Friday, January 12, 2018

general relativity - Do clocks measure conformal time (new argument)?


Assuming the spatially flat FRW metric for simplicity: $$ds^2=c^2dt^2-a(t)^2(dx^2+dy^2+dz^2)$$ where $t$ is cosmological time, $a(t)$ is the scaling factor and $x,y,z$ are co-moving spatial Cartesian co-ordinates.


Light freely propagating along the $x$-direction follows the null geodesic with spacetime interval $ds=0$. Therefore for small finite co-ordinate intervals $\Delta t$ and $\Delta x$ along the null geodesic we have the relationship: $$\frac{c\ \Delta t}{a(t)}=\Delta x\tag{1}$$ The co-moving interval $\Delta x$ in this expression must be constant as it is the distance between co-moving spatial co-ordinates. This implies that the cosmological time interval $\Delta t$ must scale like $a(t)$.

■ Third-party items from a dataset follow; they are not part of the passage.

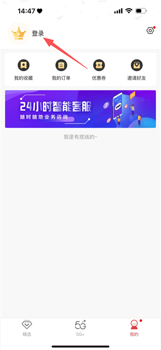 2、在个人中心页面,点击顶部登录按钮,进入登录选择界面。
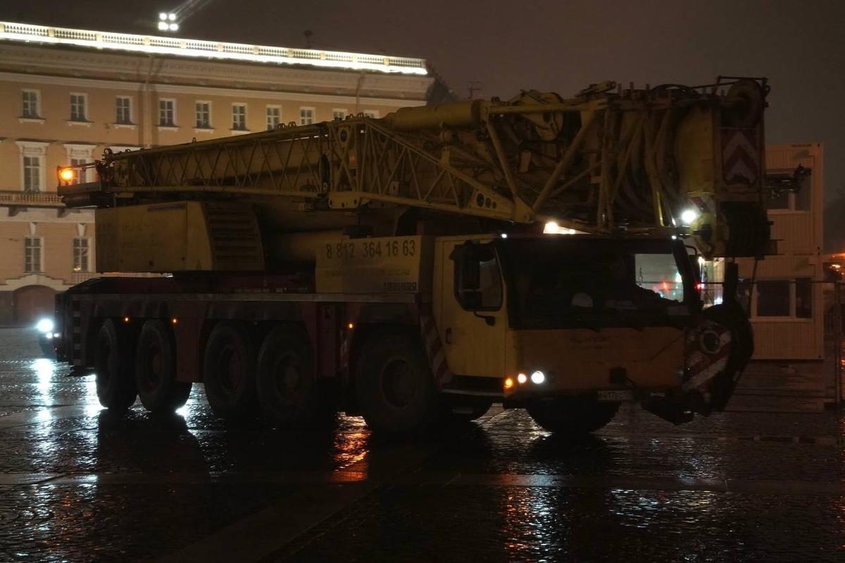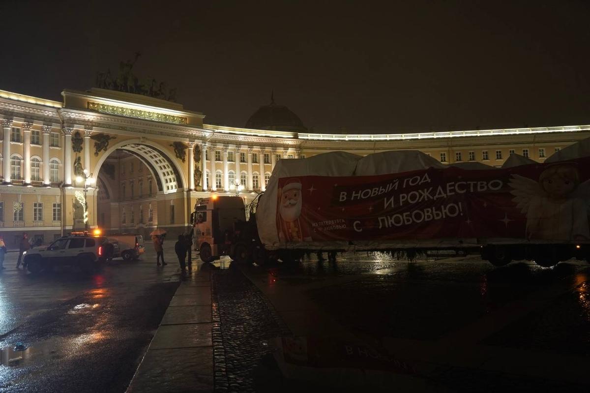 Главная новогодняя ёлка Петербурга появилась на Дворцовой примерно в 2:30 ночи.
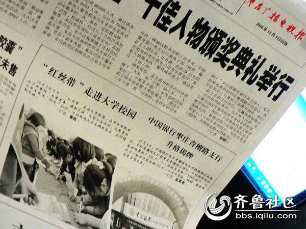 枣庄广播电视报报道齐鲁网枣庄学院艾滋病日公益活动(摄影 齐鲁拍客“枣通社”)
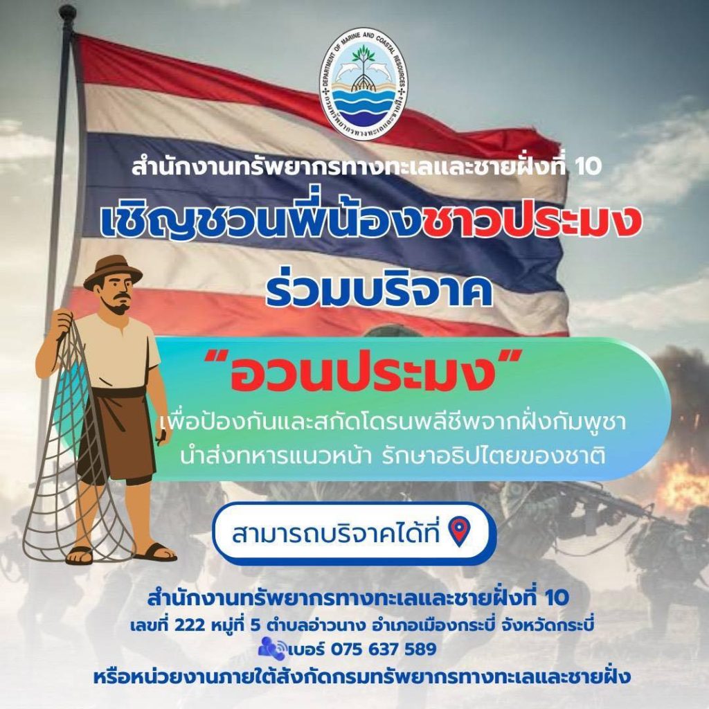 สำนักงานทรัพยากรทางทะเลและชายฝั่งที่ 10 ขอรับบริจาค อวนประมงทุกประเภท เพื่อใช้ในยุทธวิธีทางทหาร ป้องกันและสกัดโดรนพลีชีพจากฝั่งกัมพูชา นำส่งทหารแนวหน้า รักษาอธิปไตยของชาติ
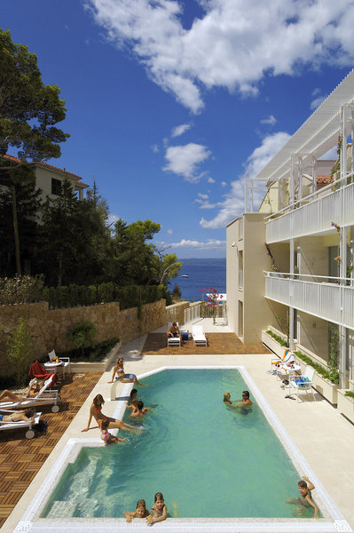 - Strand: felsig, Kies, naturbelassen, Badeplateau, öffentlich mit eigenem Hotelabschnitt

Now let us imagine a model of a clock that consists of a rigid ruler of fixed proper length $\Delta l$ with an optical fiber attached along it.


Let us assume that the rigid ruler is co-moving with the expansion of the Universe.


Let us suppose that each tick of the clock consists of a light pulse sent down the optic fiber (assuming refractive index 1 for simplicity) which takes a constant time interval $\Delta\tau$ given by: $$\Delta \tau = \frac{\Delta l}{c}\tag{2}$$ Now the co-moving interval $\Delta x$ in the null geodesic of freely propagating light, equation $(1)$, and the proper length of the rigid ruler $\Delta l$ are both constant. Without loss of generality let us arrange for them both to be equal in magnitude so that we have: $$\Delta x=\Delta l\tag{3}$$ By substituting equations $(2)$ and $(3)$ into the null geodesic equation $(1)$ we obtain the relationship: $$\frac{\Delta t}{a(t)}=\Delta \tau\tag{4}$$ Thus each tick of our clock $\Delta \tau$ does not measure an interval of cosmological time $\Delta t$ as one might expect but instead it measures an interval $\Delta t/a(t)$ which is in fact an interval of conformal time.


Is this reasoning correct?



Answer




Firstly, notice that the Frequency of light used to measure time will not remain constant. I wont use this but do take note.


Secondly notice that If the object is rigid, then and One end is fixed at x = 0, then the other end in the co-ordinate systems used will be at


$\Delta x = \frac{\Delta L}{a(t)}$


So Now light using equation 1 from your question we get


$\Delta t = a(t)*\frac{\Delta x}{c} = \frac{\Delta L}{c}$


So both clocks reproduce cosmological time as expected.


I hope I understood your arguments correctly. I think the flaw in the argument is you cannot allow for both the rod to be rigid and its ends to be co-moving at the same time.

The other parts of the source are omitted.